Feature Articles

Intel's CPU Roadmap: To Nehalem and Beyond

Intel's CPU Roadmap: To Nehalem and Beyond


Deep Diving into the Nehalem's Core

Deep Diving into the Nehalem's Core

So we've shown you the most important aspects of the Nehalem's platform/microarchitecture with Intel's QPI, the CPU's integrated DDR3 memory controller and the new tri-level cache hierarchy, but equally important and supporting these are the changes incorporated to the actual processing blocks of the CPU. Nehalem still features a 4-issue wide execution engine per core that first debuted in the Conroe (better than the competition's 3-issue wide), but builds upon the last Core microarchitecture iteration (the Penryn) and has several enhancements to increase its efficiency further:-

  • Increased Parallelism:- Since most of Intel's current processors are using an out-of-order execution architecture, one way to further increase parallelism is to enlarge the out-of-order window size to allow more instructions to be analyzed on-the-fly and possibly reduce latencies by enabling more independent operations to be executed in parallel. On the Core architecture, up to 96 mico-ops can be analyzed at any one point of time. Nehalem increased this window size by 33%, thus it's able to scrutinize up to 128 mico-ops. Intel also increased the scheduler and other relevant buffers to support this cause.
  • More Efficient Algorithms:- With a new microarchitecture, Intel took this chance to enhance some of its algorithms for speedier handling of branch mispredictions and better load-store scheduling. Nehalem also features Improved hardware prefetchers and better hardware to handle unaligned cache accesses and synchronization of primitives. Motion estimation during a video encoding process is a common example of when unaligned cache accesses occur, while synchronization of primitives pertains to synchronization of threads in multi-threaded software to improve performance.
  • Enhanced Branch Prediction:- In addition to more efficient algorithms for speedier handling branch mispredictions, Nehalem also implements a second-level branch target buffer (BTB) that's said to be especially useful for very large code footprints such as databases in general. The second-level BTB helps reduce performance penalties by not only predicting the path of a branch, but also caching the information used by the branch. So if a misprediction should occur, it can readily rollback and use the cached information of the other branch. Another hardware implementation is the renamed returned stack buffer (RSB) that stores forward and return pointers and helps avoid common return instruction mispredictions. 
  • Simultaneous Multithreading (SMT):- Intel's Hyper-Threading technology is making a come back, but it will be known as SMT and Intel claims that it is an enhanced version of the former self.

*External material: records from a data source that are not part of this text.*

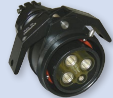
Series ITS Bayonet with Wing Locks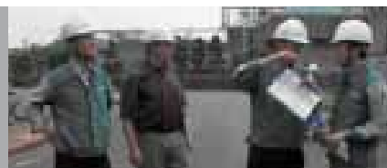
Site visit in Gwangyang, Korea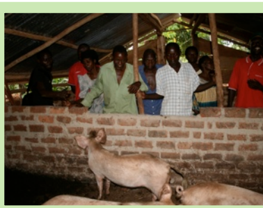
The dam construction at Bujagali are offering free pigs to local families.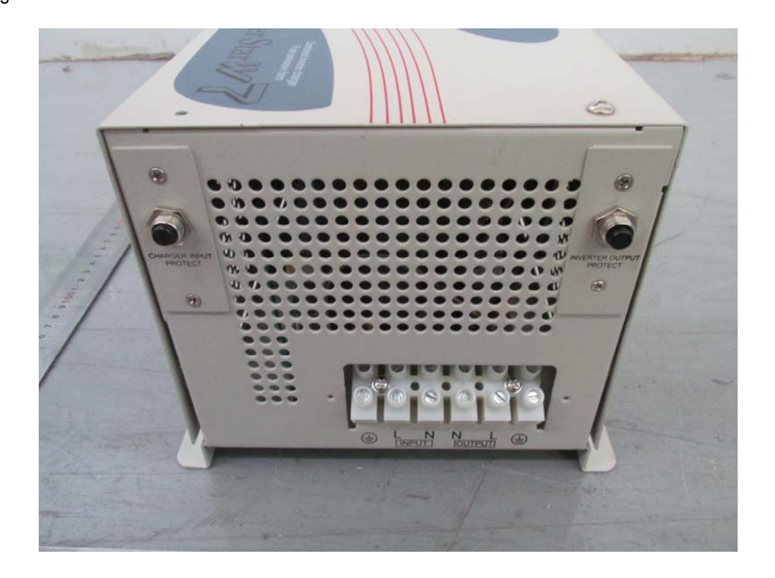
Fig. 3 – Overview (3)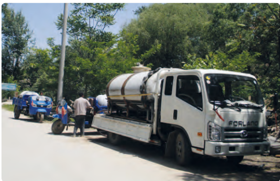
Left: Living in the orchard, Tian Shui City, 2011. Right: Speech to the pupils, Tian Shui City, 2010. Below right: Unloading urine to the small tanks of the orchard owners, Anjiazhuang Village, Tian Shui City, 2012.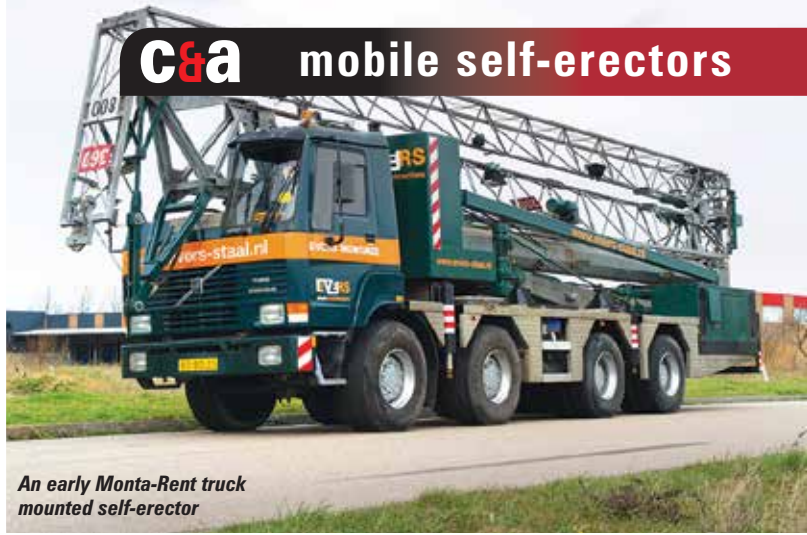
An early Monta-Rent truck mounted self-erector

seven axle cranes. City Lifting was possibly the first company in the UK to truly appreciate the potential of a mobile tower crane when it purchased its first - a Spierings - in 2002. The crane was the 10th unit the specialist Dutch manufacturer had ever built. It has gone on to sell around 900 units since then all over the world. Although outside of Europe they are still a rare sight.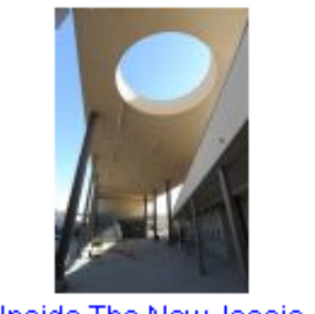
Inside The New Jessie Elwin Nelson Middle School in Signal Hill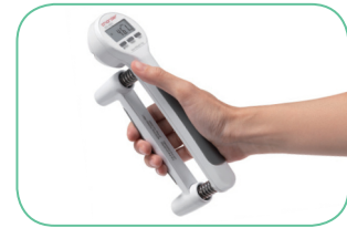
Multiple measurement modes

The dynamometer can be adjusted to different levels of resistance for different individuals. Three modes are available, measuring maximum grip strength, average grip strength, or number of repetitions that meet the selected minimum grip force.

If you think back on the purpose of HT based on the hardware then and SMT now with the latest multi-core processors, Intel does have a point that although it is the same concept, the optimization differs. Back then when processors were uni-core, HT was introduced to increase performance and efficiency by trying to execute two threads simultaneously on unused processor resources/registers. Then multi-core processors arrived and we all know how HT was no longer applicable as it only made execution worse.

    Fast forward a couple of years later, SMT was designed for multi-core processors and with vastly larger buffers, copious memory bandwidth and resources to support more processes, Intel figured it's prime enough to rekindle Hyper-Threading like feature again on the Nehalem. SMT doubles the potential number of overall threads that can be run simultaneous on each core. Thus a typical quad-core processor that the Nehalem microarchitecture will first debut as, would immediately have the ability to execute up to eight threads simultaneously. Again this would depend on each of the core's resource availability, and this is somewhat reflected in Intel's own brief that SMT can deliver 20% to 30% more performance depending on the application at just a slight increase in power consumption. So the more threaded the workload, or application, the better the gains.

  • Intel SSE 4.2 :- It's not yet a new SSE standard but that's what Intel terms it in short for their new Application Targeted Accelerators in addition to Intel SSE4 support. SSE4 instruction support itself remains identical to that found on Penryn processors , but Intel has added seven new Application Targeted Accelerators in Nehalem to extend the architecture's capabilities for accelerated processing of string and text processing applications such as XML. Given the extensible nature of using XML in various places from application to databases, it is an ideal area of performance improvement.
  • Improved Virtualization Performance:- Nehalem also makes a conscious effort to improve performance in virtualized environments since Nehalem will first and foremost debut on the server/workstation arena. For this, Nehalem will be the first Intel processor to support Intel's Extended Page Table (EPT) feature, which is basically Intel's version of the Nested Paging feature that's found in AMD's second and third generation Opteron processors. For those interested, you can read more on EPT from Intel's whitepapers.